お月さまになったお父さん

仲乃 斉希

お月さまになったお父さん

 子供に先立たれることほど悲しいことなんてこの世にない──その言葉は、親から子供にかける、愛を嘆いた呪文なのかもしれない。

 だけど、逆はどうだろうか。

 まだ小さな手で握りしめた父の手がふと消えてしまう、愛の呪文の唱え方すら知らない、死の重みも理解できない幼子に、お空へ飛んで行ってしまった父が、雲を蹴って飛び降りてくる幻想を思い浮かべて待ち続けた、あの四歳の頃の私は、この世にないほど幼気いたいけな夢想家になってしまった。


 だけど、葬式場で残された母子の背中を見て、悲劇の人生ね、なんて、赤の他人が意味付ける資格はない。

 可哀想、なんて哀れみの言葉は、しょっばい涙よりも美味しくないし、腫れ物に触れるような弱々しい手で頭を撫でられたからって、喪服を纏う幼女には、慰めになんてならない。

 四歳児だって、プライドはあるのだ。

 

 父が死んだ。

 これは、人生四年目に起きた悲劇のヒロインのノンフィクション───ではない。

 

 あの父と死に別れた日に見た、

 脳裏に深く焼きついた、

 一生忘れられない夢がある。


 邪気の色に染まった悪夢でもなく、

 息が凍る恐怖が刺さったトラウマでもない。


 それは、光だった。






 朝起きたら、世界が変わっていた。月並みのような表現しか当時四歳だった私には浮かばなかったけど、確かにその鮮烈な光景を前にして、私は呆然と胸の中にそう呟くしかできなかった。

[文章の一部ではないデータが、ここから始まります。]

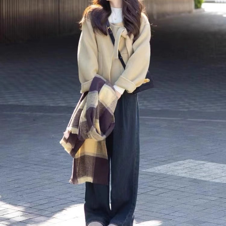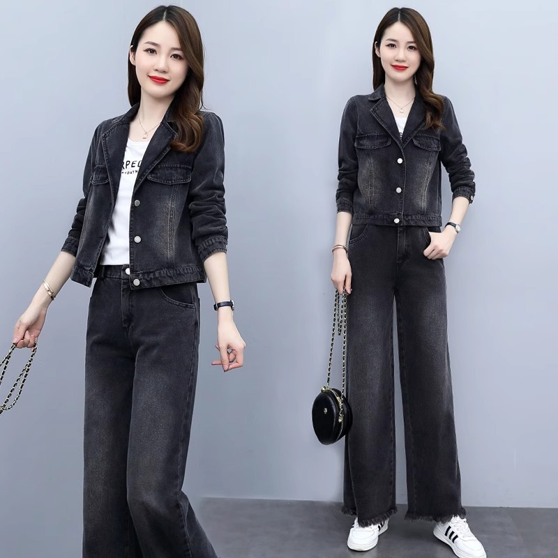 Jeans Wide Leg Pants suit Women's Spring and Autumn 2024 New Fashion Casual Western Style Age-reducing Autumn Dress with a Complete Set
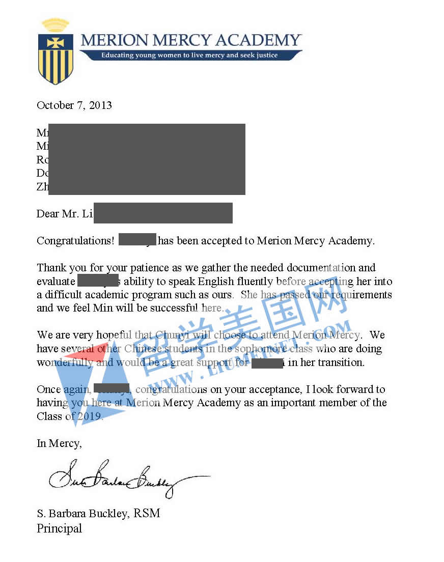 LCY同学的满意评价表和费城百年蓝带女校Merion Mercy Academy录取offer展示 【学校考察详情】
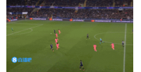 差一点!梅西接布斯克茨过顶球杀入禁区,随后的射门偏出远端立柱

 離れた地方に住むおじいちゃんとおばあちゃんが何の連絡もなしに我が家に来ていて、お母さんも、叔父さんも、叔母さんも、みんな、黒い服を身に纏っている。やっぱり服は赤が好き、黒なんて着たくないわって、お母さん、あんなに言ってたのに。

 あれ、と異変に気付いてしまって、私は口に出したのだ。


「お父さん、どこ?」


 それが残酷な言葉だとも理解できない私は、つい凍てつくような無表情のお母さんに問いかけた。


 刹那、氷が溶けた。


 お母さんのブラウンの丸い瞳から、蛇口を捻ったみたいに大量のしずくが零れて、雨になって、嵐になって、お母さんは子供みたいに泣きじゃくった。

 その瞬間、子供ながら悟った。

 スーパーマンみたいにたくましかったお父さんが、たった一夜でお空にさらわれてしまったのだと。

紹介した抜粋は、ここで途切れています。